Habitualmente nos centramos en trabajar la esencia de nuestro producto o servicio, el máximo exponente de su valor de cara a nuestros consumidores. En parte, es por su esencia por lo que nuestros clientes lo compran. Sin embargo, trabajar desde este punto de vista, a menudo nos hace perder perspectiva sobre la situación del mercado, y es que, a fin de cuentas, muy pocos hoy en día son los productos que gozan de una exclusividad tal que pueden permitirse olvidar a la competencia. Para el resto, existen infinidad de opciones y posibilidades que compiten con la nuestra en la mente de nuestro consumidor.
Diferenciarse del resto, por tanto, es la única manera de incrementar nuestro impacto sobre el usuario, de forma que el deseo que despertamos en su interior sea lo suficientemente fuerte como para incitarlo a elegirnos a nosotros, por lo que debemos buscar la forma de incrementar el valor percibido de nuestro producto por parte de nuestros clientes.

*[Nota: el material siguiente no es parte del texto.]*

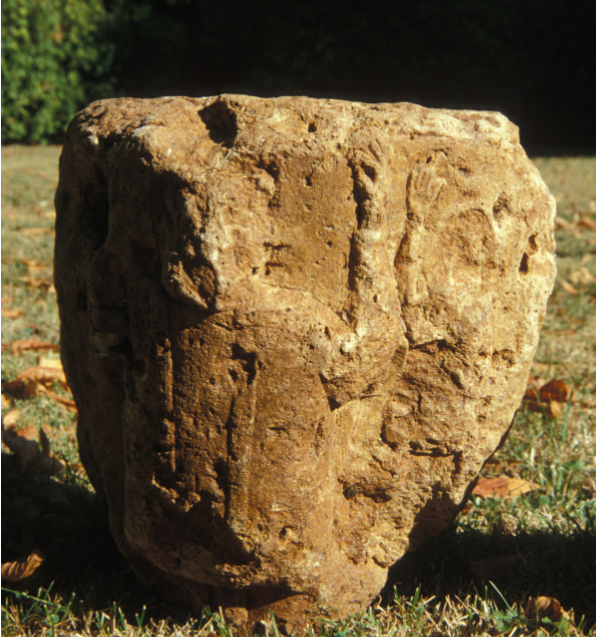
Vista del capitel románico con dos figuras antropomorfas, procedente del interior del sumidero de Fuente Santiago (Monte Santiago Nancláriz, Berberana, Burgos)

Para lograr esa diferenciación, podemos invertir buena parte de nuestros recursos en intentar mejorar nuestro producto, lo que sin duda en primera instancia puede ser la mejor idea. Sin embargo, lo que a priori parece tan sencillo, a menudo no resulta tan fácil, dado que es bastante frecuente encontrarse con que nuestro producto ya ha alcanzado el máximo nivel de optimización posible actualmente, bien sea por nuestros recursos tecnológicos o económicos, o bien porque en el proceso podemos perder precisamente esa esencia por la que lo adquieren sus consumidores.